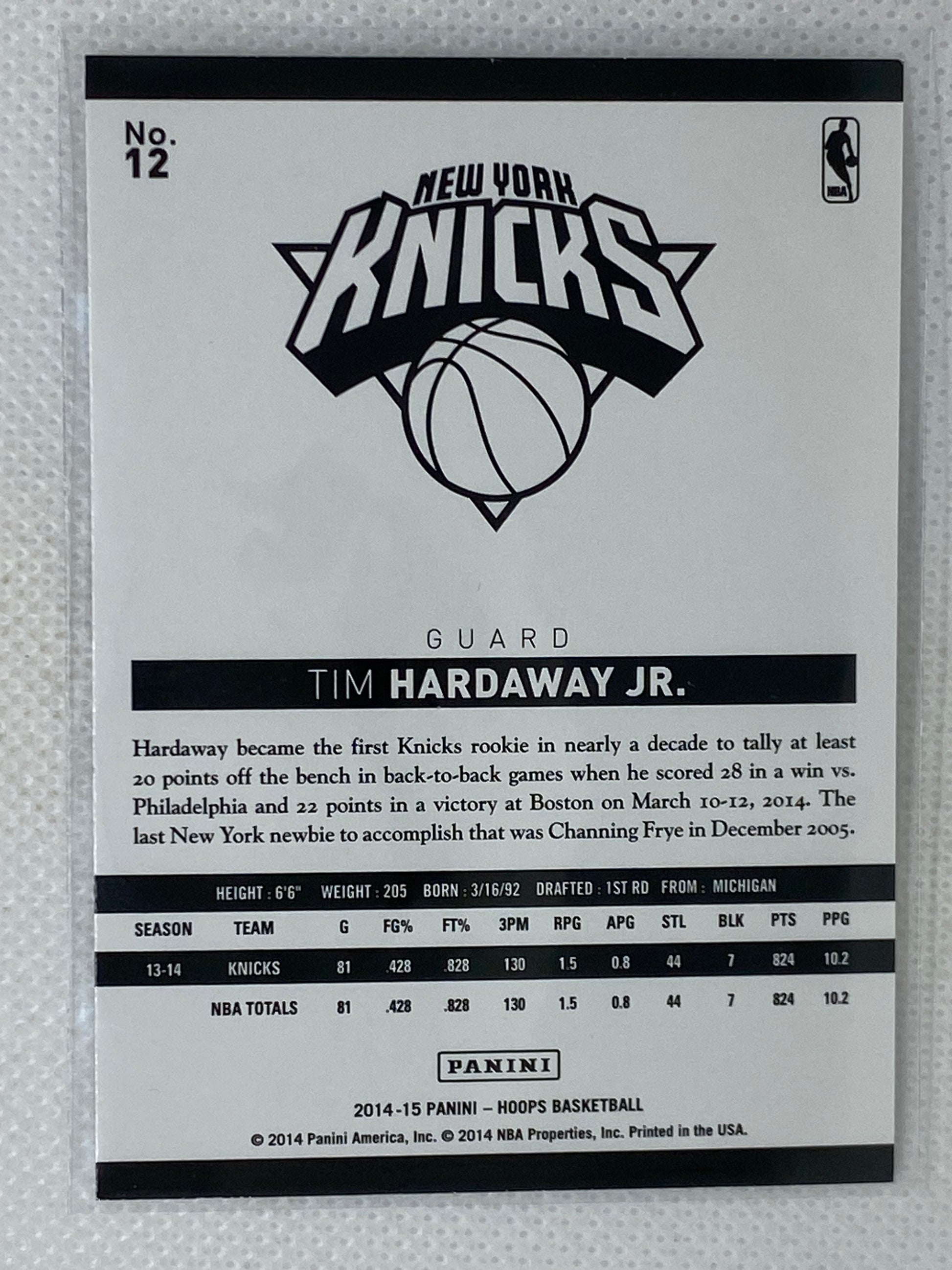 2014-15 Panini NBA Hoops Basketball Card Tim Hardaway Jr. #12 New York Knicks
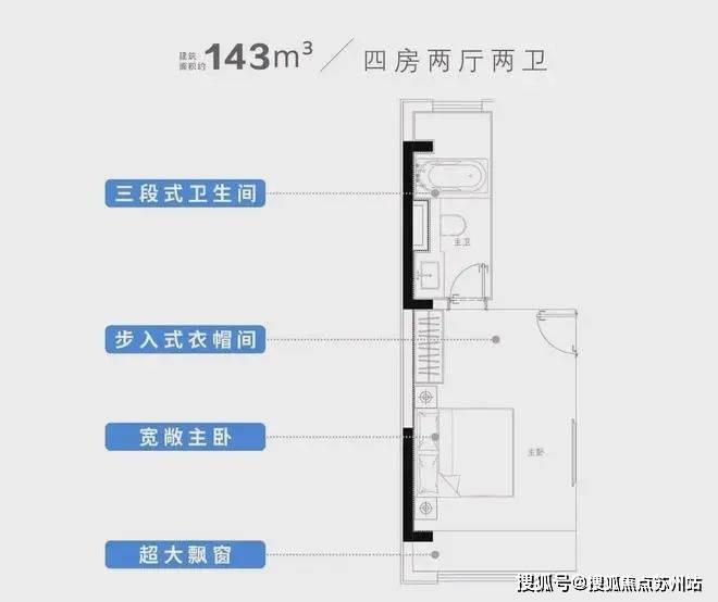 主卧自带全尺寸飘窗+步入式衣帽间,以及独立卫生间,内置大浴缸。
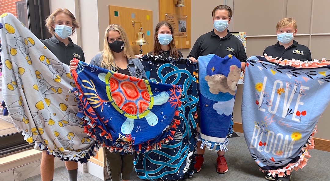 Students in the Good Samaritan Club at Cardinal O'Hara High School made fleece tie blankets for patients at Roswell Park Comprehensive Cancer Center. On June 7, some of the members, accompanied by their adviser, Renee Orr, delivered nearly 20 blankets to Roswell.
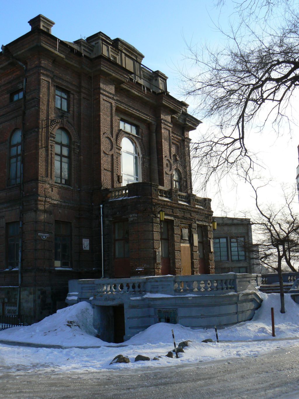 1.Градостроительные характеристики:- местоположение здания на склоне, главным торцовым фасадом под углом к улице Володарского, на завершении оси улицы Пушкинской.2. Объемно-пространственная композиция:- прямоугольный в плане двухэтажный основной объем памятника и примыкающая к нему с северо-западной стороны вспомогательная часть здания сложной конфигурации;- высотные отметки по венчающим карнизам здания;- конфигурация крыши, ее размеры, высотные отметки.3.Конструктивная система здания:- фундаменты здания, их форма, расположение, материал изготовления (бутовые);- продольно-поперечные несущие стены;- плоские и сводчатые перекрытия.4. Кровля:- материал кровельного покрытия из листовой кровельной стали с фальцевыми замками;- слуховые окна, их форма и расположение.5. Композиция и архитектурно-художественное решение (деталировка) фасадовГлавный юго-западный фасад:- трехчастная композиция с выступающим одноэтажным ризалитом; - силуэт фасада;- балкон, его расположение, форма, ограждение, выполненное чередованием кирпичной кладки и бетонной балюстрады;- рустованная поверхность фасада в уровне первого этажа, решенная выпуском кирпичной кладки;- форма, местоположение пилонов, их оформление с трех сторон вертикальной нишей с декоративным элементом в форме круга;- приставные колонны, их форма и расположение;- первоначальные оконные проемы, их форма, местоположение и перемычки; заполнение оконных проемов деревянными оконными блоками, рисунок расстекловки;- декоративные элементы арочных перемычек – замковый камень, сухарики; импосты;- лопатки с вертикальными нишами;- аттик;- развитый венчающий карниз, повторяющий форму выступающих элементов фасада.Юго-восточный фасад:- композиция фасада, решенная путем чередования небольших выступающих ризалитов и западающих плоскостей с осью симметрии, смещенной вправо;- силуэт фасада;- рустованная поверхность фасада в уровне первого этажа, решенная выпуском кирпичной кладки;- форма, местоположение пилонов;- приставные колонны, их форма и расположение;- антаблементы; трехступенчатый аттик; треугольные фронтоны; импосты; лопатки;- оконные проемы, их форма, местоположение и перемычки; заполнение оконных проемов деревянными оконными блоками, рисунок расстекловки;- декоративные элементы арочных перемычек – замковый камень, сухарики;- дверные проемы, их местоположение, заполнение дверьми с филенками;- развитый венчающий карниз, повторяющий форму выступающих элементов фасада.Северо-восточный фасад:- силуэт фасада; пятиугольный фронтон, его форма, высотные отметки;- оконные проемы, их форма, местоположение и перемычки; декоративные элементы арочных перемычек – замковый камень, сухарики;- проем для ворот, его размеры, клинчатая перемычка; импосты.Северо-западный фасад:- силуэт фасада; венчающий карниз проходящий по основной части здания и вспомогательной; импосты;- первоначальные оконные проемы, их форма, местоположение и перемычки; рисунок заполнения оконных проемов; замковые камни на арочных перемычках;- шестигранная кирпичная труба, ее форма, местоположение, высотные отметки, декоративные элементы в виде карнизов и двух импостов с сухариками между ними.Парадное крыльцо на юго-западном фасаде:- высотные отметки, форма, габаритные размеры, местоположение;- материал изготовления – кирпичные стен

> **Task brief**
Without the pictures, please reproduce each line of the listing above exactly, from the first one through the line bearing "Students in the".

> **Response to this task**
 2014-15 Panini NBA Hoops Basketball Card Tim Hardaway Jr. #12 New York Knicks
 主卧自带全尺寸飘窗+步入式衣帽间,以及独立卫生间,内置大浴缸。
 Students in the Good Samaritan Club at Cardinal O'Hara High School made fleece tie blankets for patients at Roswell Park Comprehensive Cancer Center. On June 7, some of the members, accompanied by their adviser, Renee Orr, delivered nearly 20 blankets to Roswell.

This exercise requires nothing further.